Date: Tue, 13 Aug 2019 22:39:23 -0400
On 8/13/19 8:35 AM, Corentin Jabot wrote:
>
> Chiming in with my favorite solution:
>
> * Forbid lossy source -> presumed execution encoding conversion (all
> ready ill formed in gcc but not msvc)
>
I think this may be reasonable.
>
> * Forbid u8/u16/u32 literals in non unicode encoded files
>
I don't understand this at all. u8/u16/u32 specify the encoding to be
used at run-time. The source file encoding isn't relevant at all (as
Steve noted, source file characters are converted to internal encoding).
>
> * Expose the "presumed execution encoding" (= "narrow/wide character
> literal encoding") as a consteval function returning the name as
> specified by iana
> https://www.iana.org/assignments/character-sets/character-sets.txt
>
This may be useful, but needs more justification (preferably in the form
of a paper).
> I would expect changing the encoding of char would break everything...

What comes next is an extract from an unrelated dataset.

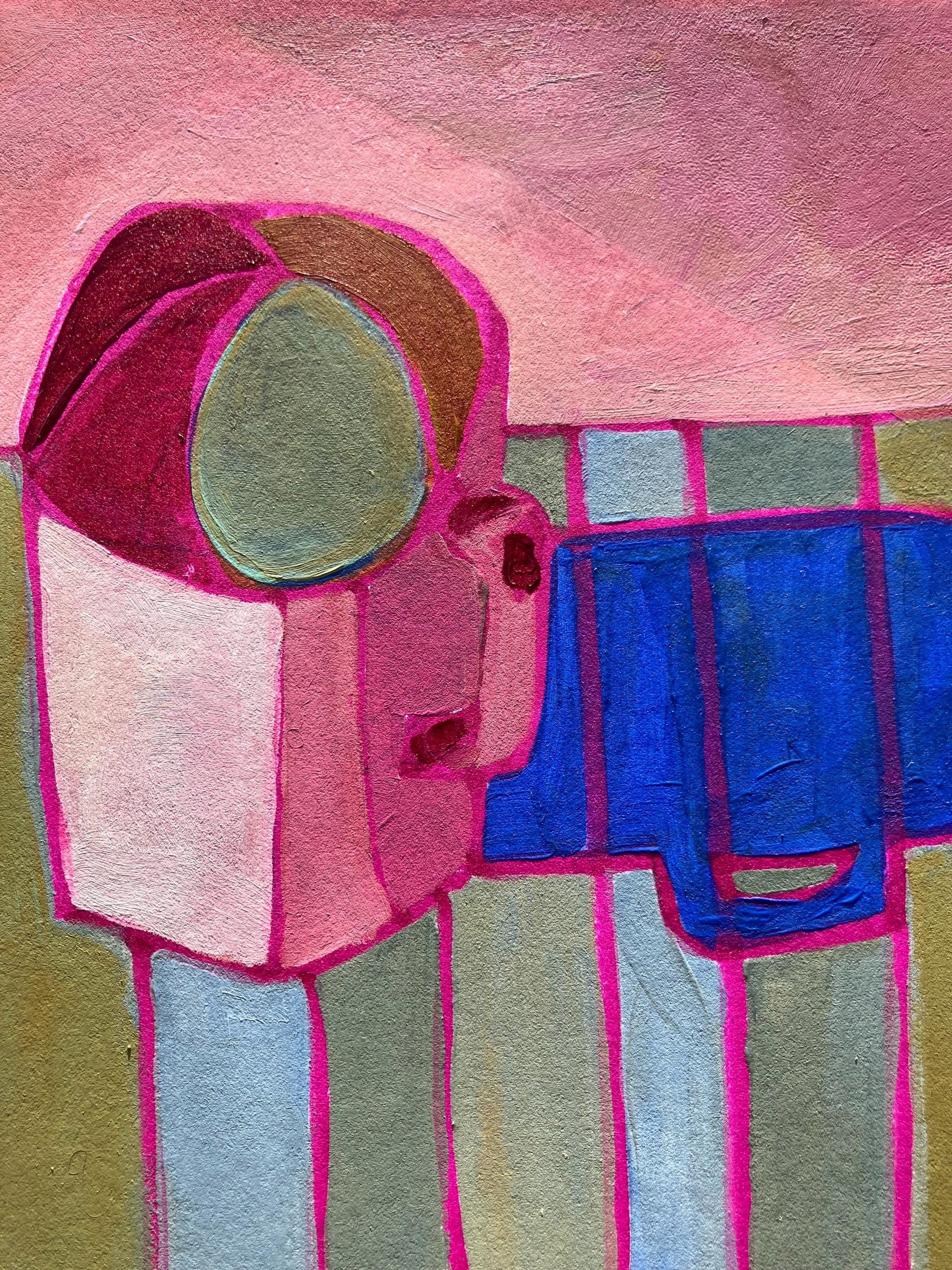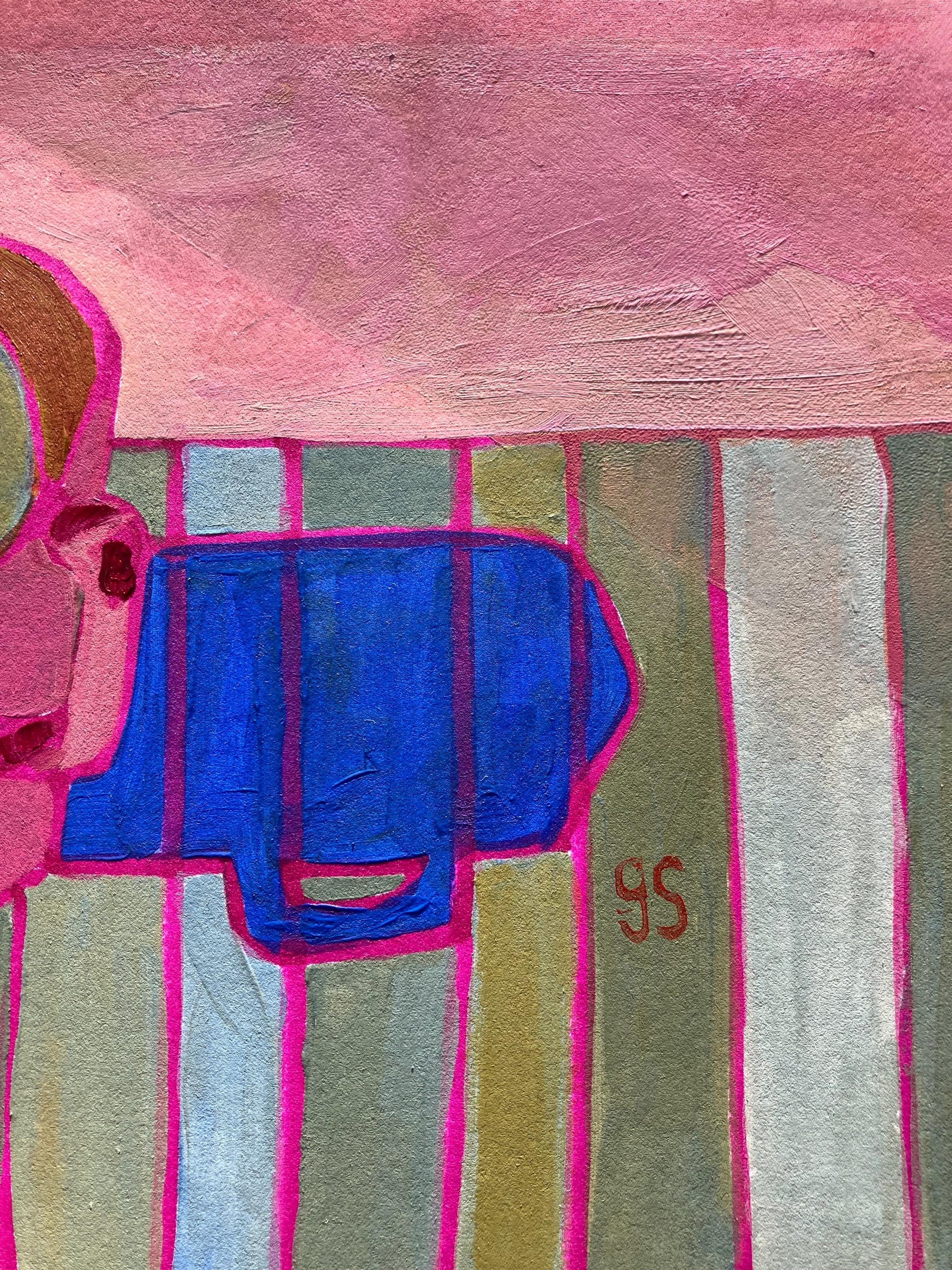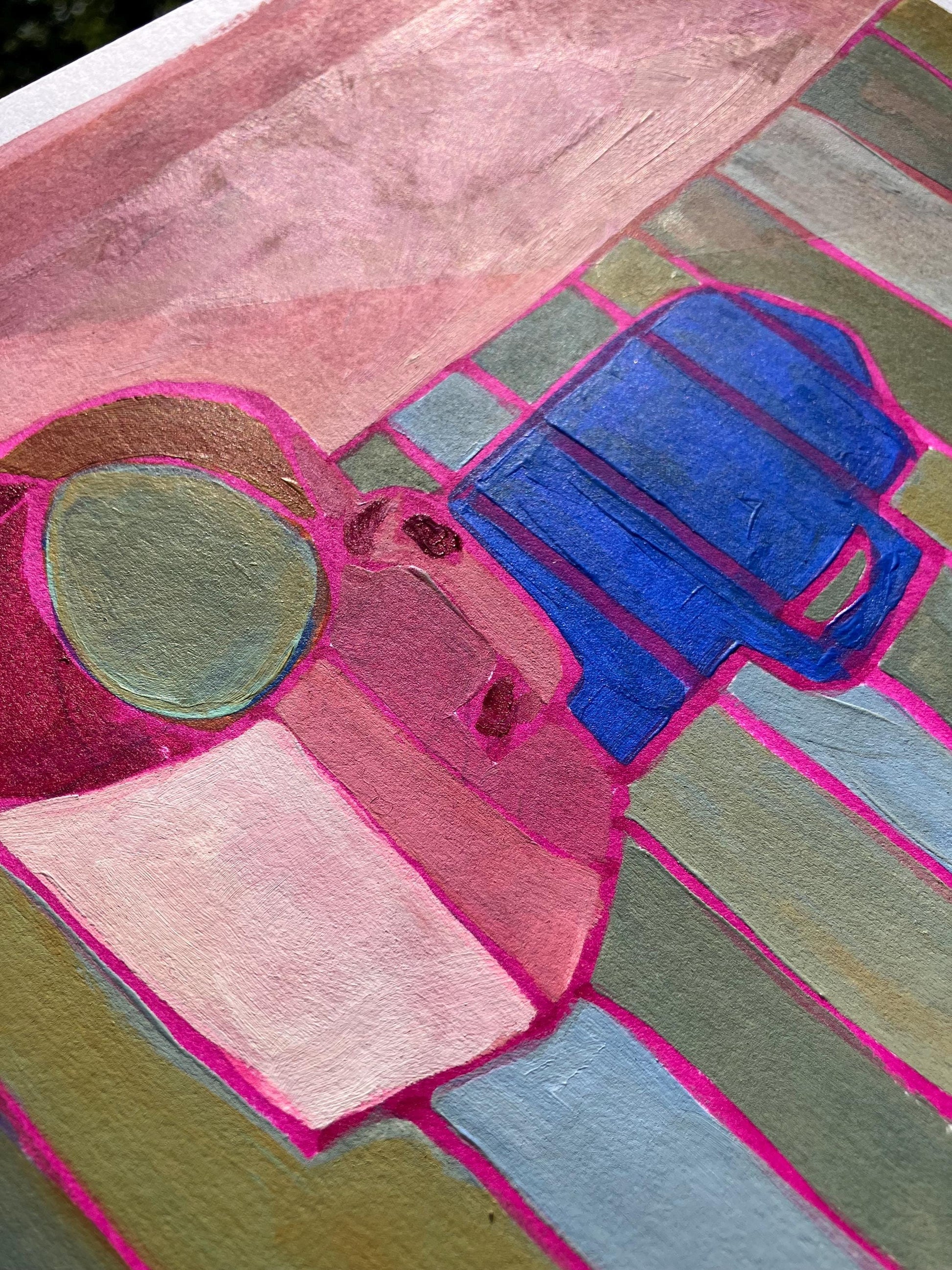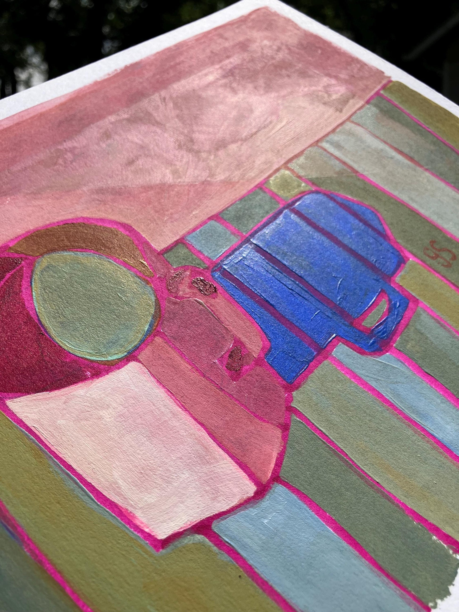 This original 8x10" acrylic painting of a coffee cup was painted in bright colors with pink highlights onto thick cotton paper. This piece features short brushstrokes and neutral colors.

> I'd leave char and wchar_t mostly alone and start clean on char8_t.
I agree, but I don't think that will be suffiicent. Not all projects
are going to adopt char8_t. A substantial portion, especially on
Linux/UNIX systems will choose to continue use of UTF-8 using char. I
think we're going to have to provide Unicode support for char and
char8_t (and char16_t, and perhaps char32_t).
>
> Anyhow, I agree with Tom that the names are not indicative
> How about: "narrow/wide character literal encoding" ?
"execution encoding" has a long history in both WG14 and WG21 (though
not POSIX I think) and that makes me reluctant to try and challenge it.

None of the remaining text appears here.